Cook pasta according to the box directions and set aside.
You’ll need 1 1/2 cups of cooked pasta for this recipe.
On low heat in a soup pan simmer olive oil, 1 tablespoon of Italian Parsley, and 1/4 of the half of the garlic powder till warmed, about 1 minute. It will start to brown when warmed. Even if it gets too brown and you think you messed it up, keep making it.
Once the oil is brown and the garlic starts to stick into clusters, set to the lowest temp possible on your stove. Add the cooked pasta, sprinkle the remaining garlic and Italian Parsley.
Remove from heat.
Using a large spoon, massage and mix the pasta into the garlic sauce. Keep mixing until it is coated with the sauce.
If you don’t have organic, don’t worry about it. You do what you can do. The idea is for this recipe is that cooking should be easy.
I have only tested this recipe with Italian Parsley and dried garlic powder. You can alter it, but I cannot guarantee it will taste the same.
Dried garlic powder is found in the dried herb section of the market.
If you find this recipe too saucy, use more cooked pasta.
- 1 box of Banza - Your choice in shape, but not spaghetti.
- 3 Tablespoons full fat olive oil
- ½ Tablespoon organic dried garlic powder
- 2-3 Tablespoons chopped fresh Italian Parsley
- A pinch or two of Pink Himalayan sea salt or sea salt for added flavor - necessary for the garlic knot taste!
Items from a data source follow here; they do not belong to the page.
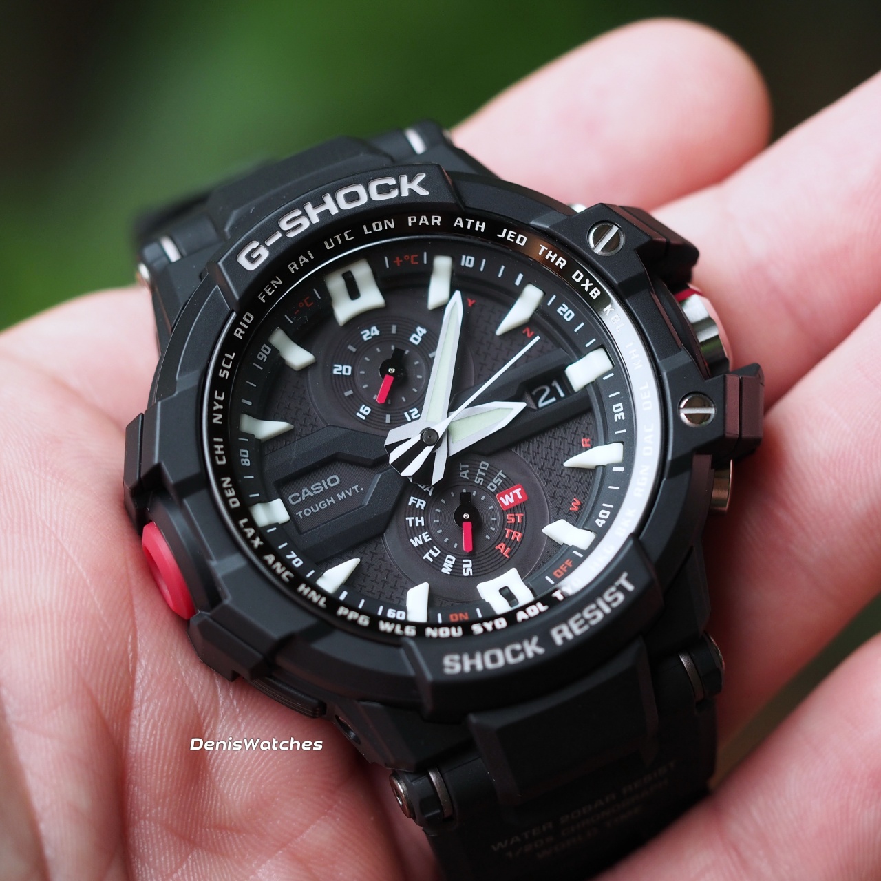 G-Shock из линейки G-Aviation - авиационный стиль, хронограф имеет дисплей «а-ля» кокпит и аналоговое отображение времени.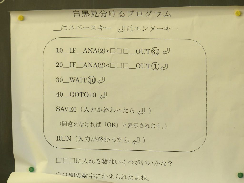 プログラミングコードの解説(まとめ)を先生が最後にされていましたが、センサーの「しきい値」という単語の説明等もあり、私自身が「閾値」なんて単語を知ったのは大学生の頃だったなぁと思いながら、聞いていました。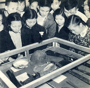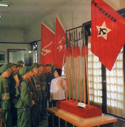 “遵义会议”纪念馆陈列的当年红军使用的武器和用具。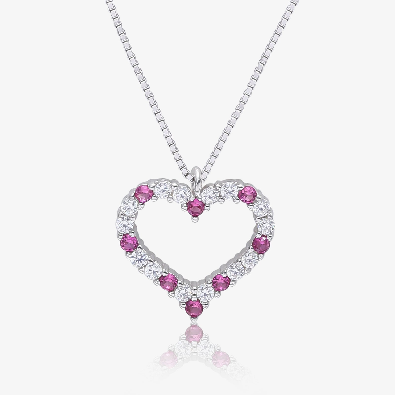925 Sterling Silver Pink Heart Pendant with Chain for Women made of pure 925 sterling silver with a versatile design. The jewellery set features a box chain and a glossed rhodium-plated heart-shaped silver pendant adorned with several shiny, white cubic zirconia stones and eight dark pink ruby stones set in a pure silver frame. Tweov designed this heart pendant lovingly to give a luxurious design to women's collections and a smooth look to their necklines. Adding this love necklace will make you feel charming. Being dressed with it on a special day, this necklace will bring dreamy love. This heart-shaped silver pendant with a chain is a remarkable gift for your lover to feel lovable and create a lovely moment to remember as a lifetime event.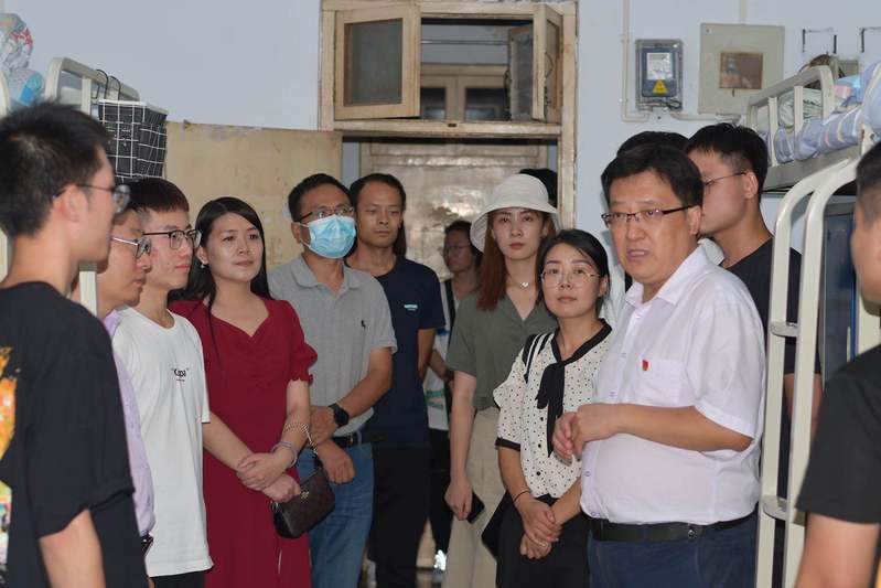 三、突出“家人意识”。温暖国教,从不缺席。因为今年新生住宿楼层高,家长又不能入校,学院租了四辆电动三轮不间断往返运输,同时招募志愿者300余名,细致周到、真诚热情地帮助新生搬运行李,得到新生与家长的一致认可。迎新期间,国际教育学院党总支书记田小勇、院长陈运香、党总支副书记白丽、副院长刘海涛深入学院迎新现场与新生宿舍,与新生亲切交流。田小勇欢迎同学们考入师大,希望大家在常态化疫情防控的条件下珍惜学习机会,做好防护,尽快适应大学阶段的学习和生活、融入国教大家庭;希望大家强化安全意识,做到“非必要不外出”;希望每个宿舍同学团结友爱,拧成一股绳,营造一个团结和谐的宿舍氛围,争做学霸宿舍,自我教育、自我管理、自我服务,脚踏实地,砥砺奋斗,努力在实现中华民族伟大复兴的中国梦的生动实践中放飞青春梦想!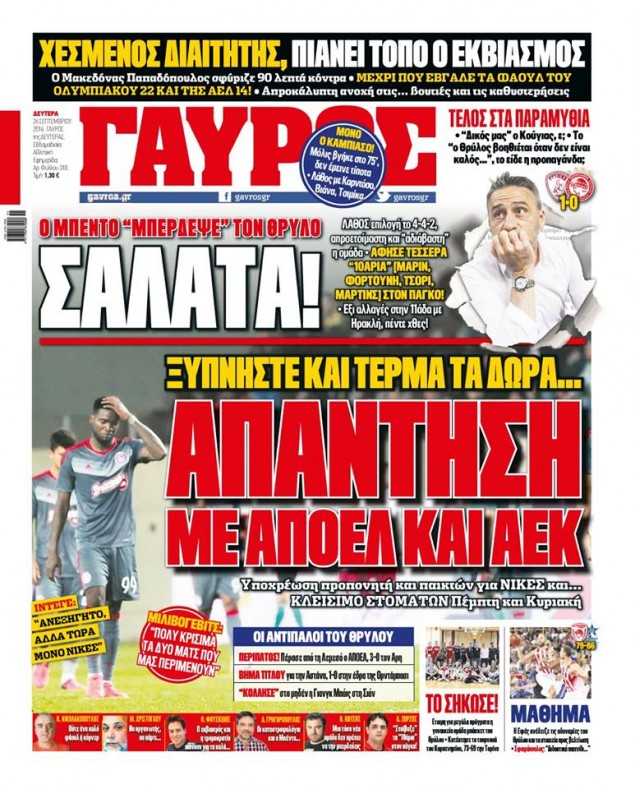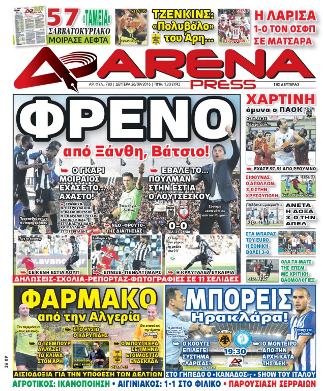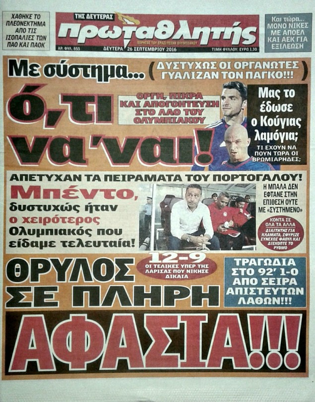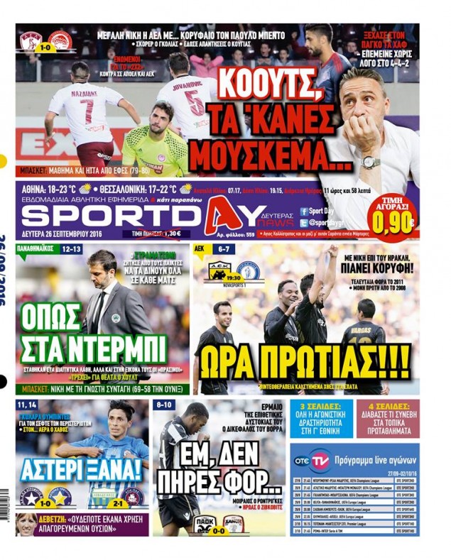 Oι αθλητικές εφημερίδες 26/9/2016 Enikos Newsroom 03:40, Δευτέρα 26 Σεπτεμβρίου 2016 Media Διαβάστε τα σημερινά πρωτοσέλιδα των αθλητικών εφημερίδων: ΑΘΛΗΤΙΚΕΣ ΕΦΗΜΕΡΙΔΕΣ ΠΡΩΤΟΣΕΛΙΔΑ Μοιράσου το: σχολίασε κι εσύ (0 σχόλια) Ακολουθήστε το enikos.gr στο Google News και μάθετε πρώτοι όλες τις ειδήσεις Δείτε όλες τις τελευταίες ειδήσεις από την Ελλάδα και τον Κόσμο στο enikos.gr Ειδήσεις Ροή Ειδήσεων 2 ώρες πριν Μπλόκα: Οι αγρότες σηκώνουν τις μπάρες σε διόδια για τους εκδρομείς των Χριστουγέννων και μοιράζουν προϊόντα – Βίντεο 3 ώρες πριν Τσιάρας προς αγρότες: Τα μπλόκα και τα πείσματα δεν ωφελούν – Οι λύσεις περνούν μέσα από τον διάλογο 4 ώρες πριν Αρχεία Έπσταϊν: Οι συγκλονιστικές φωτογραφίες – Ο Μάικλ Τζάκσον, ο Μικ Τζάγκερ και ο Κέβιν Σπέισι ανάμεσα στους διάσημους που απεικονίζονται 1 ώρα πριν Μαθητές διακινούσαν κοκαΐνη και χασίς σε σχολείο της Αττικής – 12 συλλήψεις 2 ώρες πριν Βέλγιο: Άγνωστοι έριξαν κόκκινη μπογιά στο προξενείο της Πολωνίας στις Βρυξέλλες 6 ώρες πριν Μία νέα «χρυσή» περίοδος αρχίζει για 3 ζώδια από σήμερα – «Μία αναπάντεχη ευκαιρία οδηγεί στην επιτυχία» 4 ώρες πριν Διαιτολόγος αποκαλύπτει 9 πρωινές συνήθειες που «λιώνουν» το κοιλιακό λίπος – «Υποστηρίζουν την υγιεινή απώλεια βάρους» 5 ώρες πριν Οι 7 φράσεις που δεν λένε ποτέ οι συναισθηματικά έξυπνοι άνθρωποι κατά τη διάρκεια ενός καβγά 7 ώρες πριν Enerwave: Το νέο «ρεύμα» στη λιανική ενέργειας που αλλάζει την εμπειρία του καταναλωτή 6 λεπτά πριν Στο νοσοκομείο ο Λευτέρης Πανταζής – Τι συνέβη 15 λεπτά πριν Super League: Με Κηφισιά ο Ολυμπιακός για να «κλείσει» το 2025 στην κορυφή – Αναλυτικά το πρόγραμμα της 15ης αγωνιστικής 20 λεπτά πριν ΕΛΑΣ: Συνελήφθησαν Υπαρχιπυροσβέστης και δύο ακόμη άτομα για κατοχή και διακίνηση ναρκωτικών ουσιών – Η καταγγελία και ο τιμοκατάλογος 28 λεπτά πριν Πακιστάν: Σε κάθειρξη 17 ετών καταδικάστηκαν ο πρώην πρωθυπουργός Ίμραν Χαν και η σύζυγός του 36 λεπτά πριν Μαρινάκης στον Realfm 97,8: Η κυβέρνηση σέβεται κάθε λογική διεκδίκηση των αγροτών, αλλά και το αίτημα των πολιτών να μην ταλαιπωρούνται ENIKOS NETWORK Η αποχή από την αναπαραγωγή παρατείνει τη ζωή στα ζώα, σύμφωνα με μελέτη – Τι ισχύει για τους ανθρώπους; Σημαντικές επαφές στις ΗΠΑ είχε ο υπουργός Υγείας Άδωνις Γεωργιάδης Επιτροπή Ανταγωνισμού: Στο μικροσκόπιο σχολικές τσάντες και επώνυμα brands – Τι ερευνάται Ευλογιά αιγοπροβάτων: Παρατεταμένη επιζωοτία, αυστηρά μέτρα – Τι ισχύει για τον εμβολιασμό και την ανασύσταση του ζωικού κε... Χαρτογραφώντας το «σημείο χωρίς επιστροφή»: Για πρώτη φορά αποκαλύπτεται με λεπτομέρεια το ακανθώδες όριο της ατμόσφαιρας τ... Η Google καταργεί τη λειτουργία «dark web report» – Πώς θα μπορούν οι χρήστες να διαγράφουν τα δεδομένα τους περισσότερα 14:04 , Σάββατο 20 Δεκεμβρίου 2025 Η Realnews αυτής της Κυριακής (21/12/2025) Με τίτλο: «Ασπίδα προστασίας για την Ελλάδα» κυκλοφορεί, αυτήν την Κυριακή, η Realnews. Σημαντ... 12:53 , Σάββατο 20 Δεκεμβρίου 2025 Να μ’ αγαπάς: Το παρελθόν έρχεται στο φως – Καταιγιστικές εξελίξεις στα τελευταία επεισόδια του 2025 Ο Άγγελος αποκαλύπτεται, η Φωτεινή ανησυχεί για τον Λευτέρη και η Ζωή έρχεται αντιμέτωπη με το... 11:41 , Σάββατο 20 Δεκεμβρίου 2025 «Η αγάπη δεν χάνεται ποτέ»: Η μικρού μήκους ταινία κινουμένων σχεδίων που θέτει ερωτήματα για τη ζωή και τον θάνατο Ο θάνατος είναι ένα από τα πιο σκληρά θέματα που καλείται να διαχειριστεί κάποιος στη διάρκεια... 09:30 , Σάββατο 20 Δεκεμβρίου 2025 «Porto Leone: Στη γειτονιά με τα 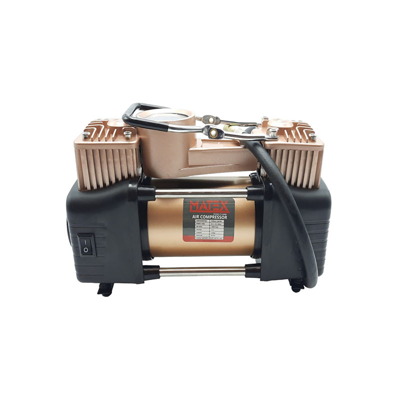 « کمپرسور فندکی ماتکس MATEX یکی از محصولات تولیدی شرکت ماتکس است. این کمپرسور دارای یک خروجی هوا بوده و از آن میتوان برای باد کردن تایر خودرو استفاده کرد. این محصول با برق 12 ولت. خودرو کار میکند و برای این کار به بخش فندکی خودرو متصل میشود.کمبادشدن یا پنچرشدن تایر خودرو یکی از معضلاتی است که ممکن است گریبانگیر هر رانندهای شود. برای مقابله با این مشکل، روشهایی مانند تعویض لاستیک وجود دارد که انجام آن زمانبر و دشوار است و ممکن است فرد در شرایطی نباشد که بتواند چنین کاری انجام دهد. برای مقابله با چنین وضعیتی، می توان از کمپرسورهای فندکی استفاده کرد. کمپرسورهای فندکی خودرو از ابزارهای کارراهاندازی هستند که در برخی مواقع مانند رفتن به سفر و پیکنیک بسیار مفید خواهند بود. این دستگاههای کوچک توان خروجی بالایی ندارند و نمیتوان از آنها توقع داشت که در زمانی کوتاه، هوایی پرفشار با دبی بالا تولید کنند. این دستگاهها با کمک برق خودرو میتوانند در مواقعی که باد لاستیک کم شده یا لاستیک پنچر است، هوای فشرده با دبی کم تولید کنند. تامین نیروی این کمپرسور از طریق فندک ماشین انجام می شود. با این روش، لاستیک هوای موردنیاز را برای ادامهی حرکت خودرو خواهد داشت و در صورت پنچری، فرد میتواند عمل بادکردن لاستیک را چندین بار تا رسیدن به تعمیرگاه انجام دهد. شرکت ماتکس این محصول را با ابعاد و وزن قابلقبولی تولید کرده است و با توجه به نوع طراحیاش، کاربران میتوانند بهراحتی آن را در صندوق عقب خودرو جای دهند.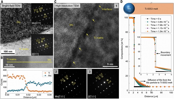 图4. Mo颗粒与钛基体界面的TEM表征和DICTRA模拟 © 2024 AAAS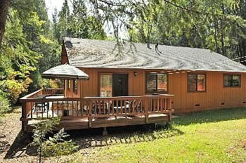 TUCKED AWAY among the PINES sits this CEDAR SIDED residence that defines warmth & hominess. 3 PLUS PRIVATE ACRES on this little known road just a few minutes from town. Featuring the PERFECT SINGLE STORY floor plan. The living room & dining room include bay window and woodstove. Generous kitchen is adjacent to the breakfast nook and FAMILY ROOM (currently used for dining). Bedrooms are all spacious and welcoming. Large WRAP-AROUD DECK & Private back PATIO. This home has been perfectly maintained and shows like new. Surrounded by Forest for low maintenance.

- Cook pasta according to the box directions and set aside.
- You'll need 1½ cups of cooked pasta for this recipe.
- On low heat in a soup pan simmer olive oil, 1 tablespoon of Italian Parsley, and ¼ of the half of the garlic powder till warmed, about 1 minute. It will start to brown when warmed. Even if it gets too brown and you think you messed it up, keep making it.
- Once the oil is brown and the garlic starts to stick into clusters, set to the lowest temp possible on your stove. Add the cooked pasta, sprinkle the remaining garlic and Italian Parsley.
- Remove from heat.
- Using a large spoon, massage and mix the pasta
intothe garlic sauce. Keep mixing until it is coated with the sauce.